Лежал поперёк уступки, меч повис где-то между небом и землей, упираясь в какой-то валун чуть ниже ярусом. Вот история — никак не выберусь. И из истории, и из этой вот позы — колено тянет вниз и один, я тут точно не выпутаюсь. Змея не видно поблизости, и Сэмуель тоже куда-то запропастился. Скотина — оставил одного! Если не дёргаться, можно долго продержаться. Это если распластаться и притвориться моллюском. Змей видно скатился в пропасть. Ещё не омертвевшие останки зеленного змия вбили мои кости в стык между слоёнчатыми камнями.

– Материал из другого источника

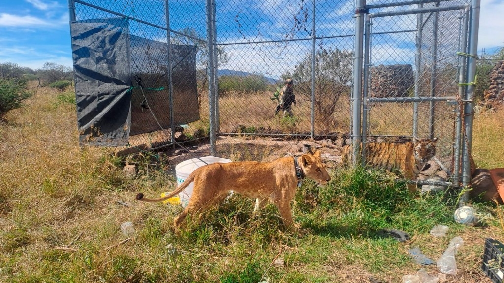 Los ejemplares, un tigre de Bengala y una leona africana, fueron hallados en condiciones de abandono extremo. El tigre permanecía confinado en una jaula sin techo, mientras que la leona se encontraba amarrada del cuello a la misma estructura.
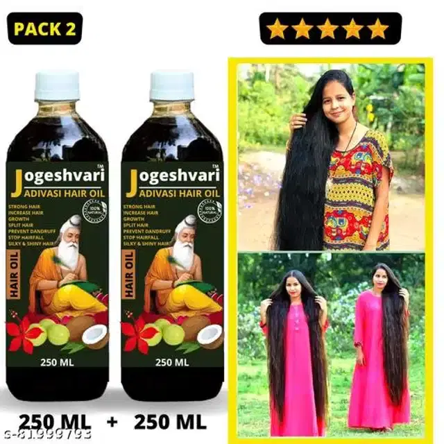 Product Name: Jogeshwari Adivasi Medicine Hair Oil 250ml 1 Month Pack for Women and Men for Hair Long - Dandruff Control - Hair Loss Control - Hair Regrowth Hair Oil (250ml) 100 % Satisfaction, Best Quality, Original Brand Assured PACK 2

Ветер не унывая пел песни, расшатывая мои нервы совместно с лезвием качающейся гильотины. Надо выбираться самому что-ли, но пока ума не приложу — как? Можно было бы отцепить ремень, если бы нога так не затекла. И руки мне нужны здесь, чтобы не поволокло при перераспределении веса туда же, куда скатилась останки ползающего гада. Подождал минут десять, но что-то лучше не стало. Без помощи не выбраться. Никак.
-- Сэмуель! Сэмюель! Будь ты не ладен! Ты где? - Сам же нарушаю своё неписанное правило, но что теперь то — жить ужас как хочется, и вроде для этого есть все показания, кроме одного... - Мне не встать без твоей руки, Сэмуель! Я ж не страшней Гас-Лусисто, что ж ты убежал, Сэмюель! Мерзавец!

Так я орал еще час, или около того — когда нечем занять время бежит как-то чересчур медленно. Страшно оставаться одному, и так замёрзнуть находясь всего в шаге от спасения. Или Сэмуель сотворил одну из несмешных шуток, и улетел вслед за полозом? Потихоньку массировал ногу, пытаясь привести её в чувство.
-- Хагич, ты чего это?
-- Помоги!
-- Ты же сказал, что идёшь следом?
-- Да что ты встал, помоги подняться! Вытащи эту железяку!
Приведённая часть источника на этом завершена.